Ders çıkarma: Gerçekleri görmek ile yakından ilişkili olan ders çıkarma ise zorlayıcı durumlarda kurban rolüne girmektense güçlüklerin üstesinden gelerek yeni beceriler kazanmaya odaklanabilmektir. ‘Neden ben?’ sorusu yerine ‘Bu durum ne anlatıyor?’ sorusu üzerine düşünebilme kapasitesidir.
Anlam bulmak: “Hayat ona yüklediklerinle anlamını bulur” yıllar önce bir danışma seansı sonrası ajandama not ettiğim bir cümleydi. Ancak hayatı anlamlandırmak o kadar kolay değildir. Belki de hayatın kendisi anlam arayışıdır. Kim bilir…

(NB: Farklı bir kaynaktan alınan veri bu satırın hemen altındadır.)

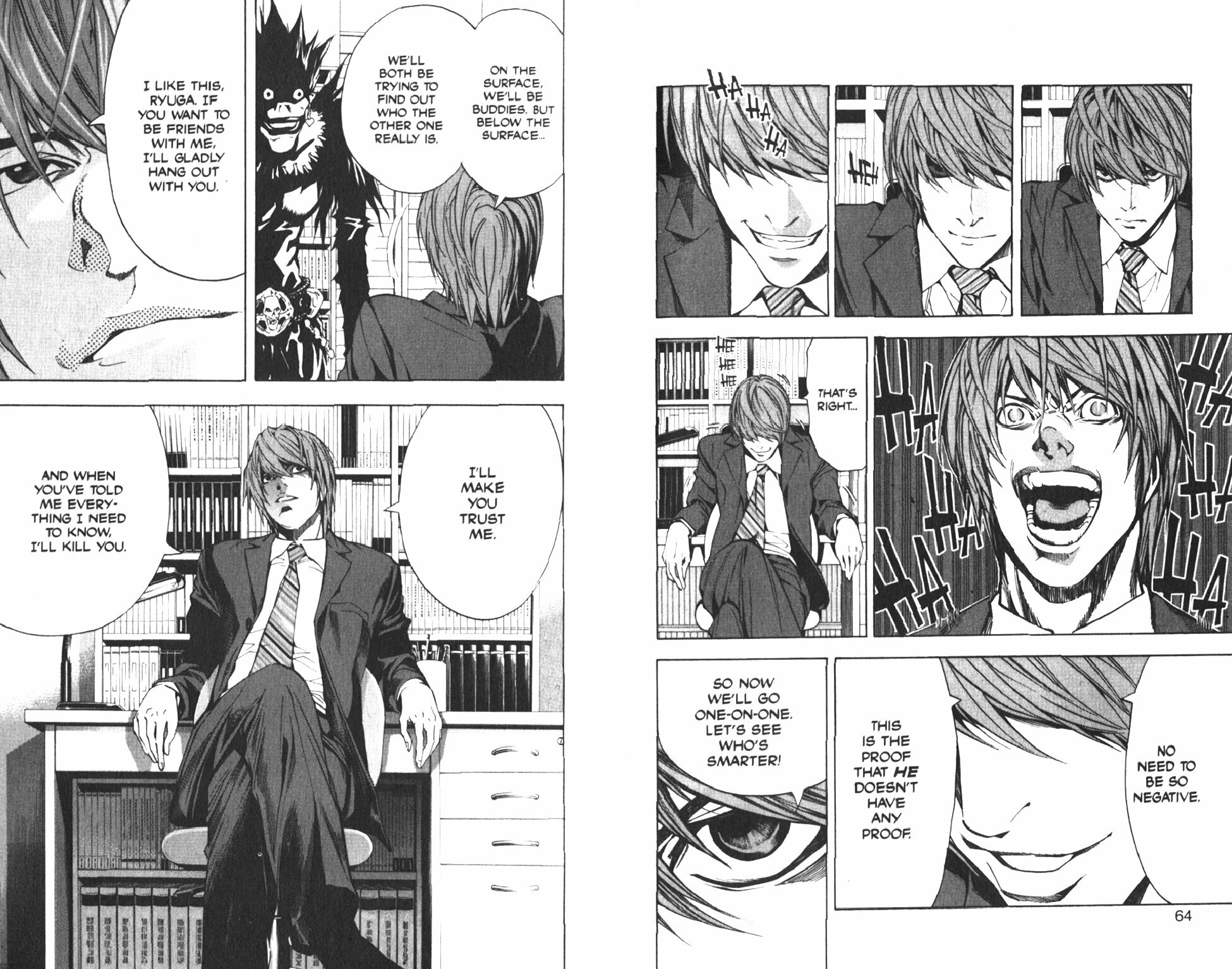 Light is chafing under L's extreme surveillance, but even 64 microphones and cameras hidden in his room aren't enough to stop Light. He steps up the game, but before the battle of wits can really begin, a family emergency distracts him. But even though Light isn't using the Death Note right now, someone else is! Who's the new 'Kira' in town?

Kararlar hayatı anlamlandırmada önemli rol ve alınan kararlar değerlerle şekillenir. Anlam bulmak için değer atfettiklerimizi sorgulamak başlangıç olabilir diye düşünüyorum.

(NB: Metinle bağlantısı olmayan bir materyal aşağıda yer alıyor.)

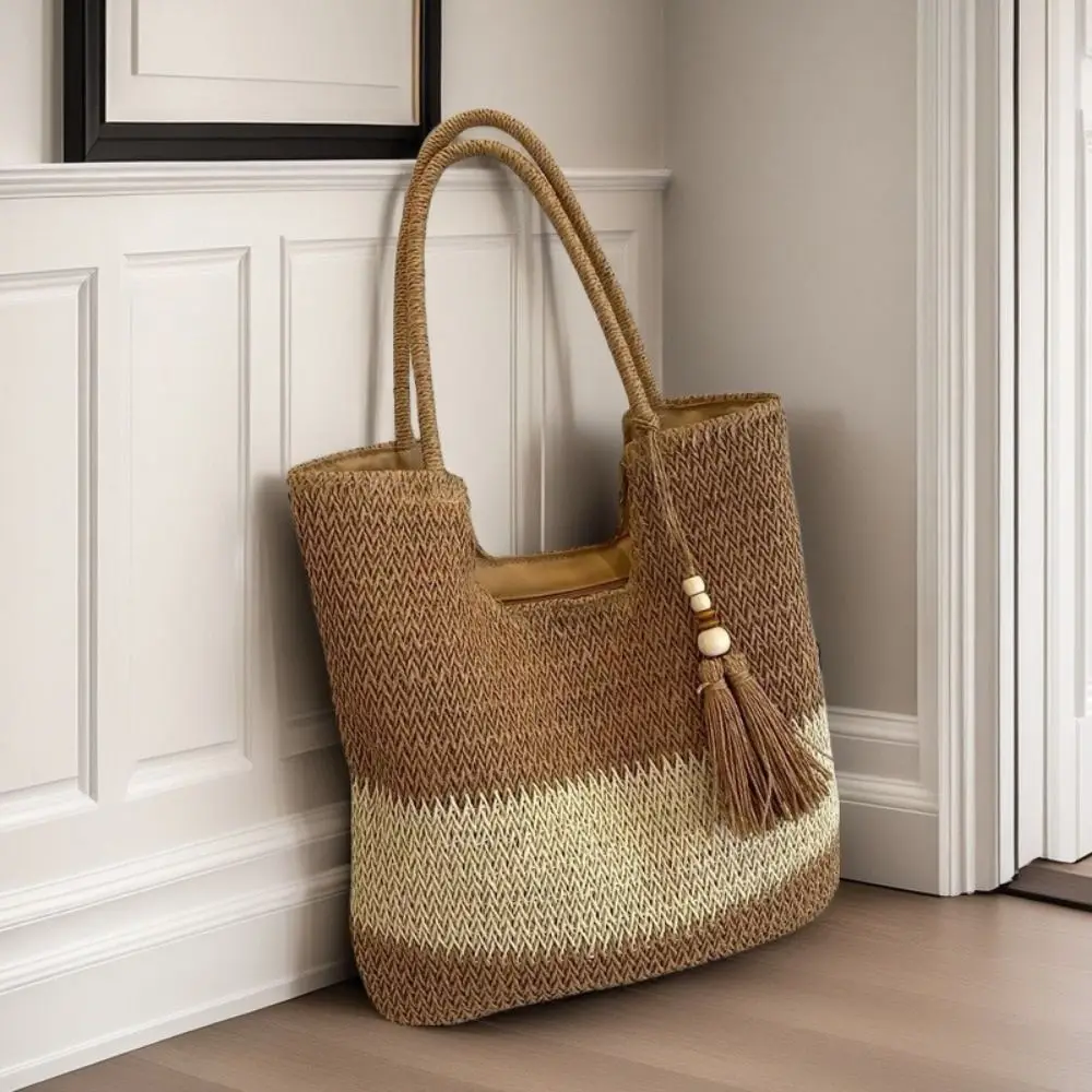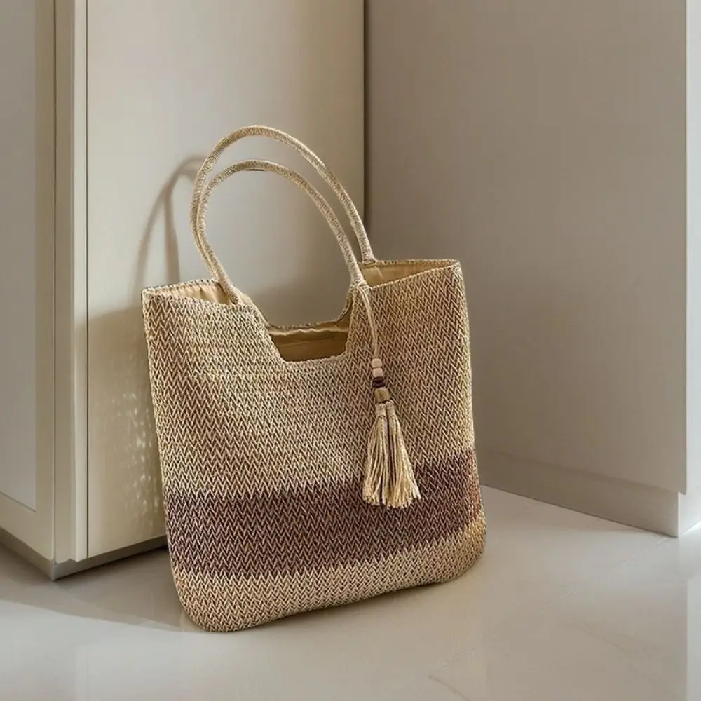 Bolso tejido de paja con Borlas – Tote Grande y Ligero para Viajes y Verano

Olumlu tutum: İyimserlikle karıştırmadan ‘Şu anda iyi olan ne?’ sorusuna odaklanmaktır. Afet bölgesinde bulunan ya da travmatik yaşantı geçiren birisine ‘Şu anda iyi olan ne?’ sorusunu sormak iyimserlik gözlüğü takmakla eşdeğerdir. Fakat ‘Olmasaydı ne olurdu?’ sorusunun da kimseye fayda sağladığı söylenemez. Buradaki olumlu tutumdan kasıt içeride ve dışarıdaki kaynakları görebilmeye çalışmaktır. Kişinin içindeki güçlü yanlarını ve çevreden gelecek kaynakları görebilmesini sağlamaktır. Olumlu tutum kişinin olmuş olana değil de olacak olana odaklanmasına zemin hazırlar.
Tıpkı bir kas inşa etmek gibi dayanıklılığı arttırmak zaman ve kararlılık gerektiriyor. O zaman şimdiden buna başlayalım. Diğer yazılarda dayanıklılığa katkıda bulunan temel faktörlere bakalım.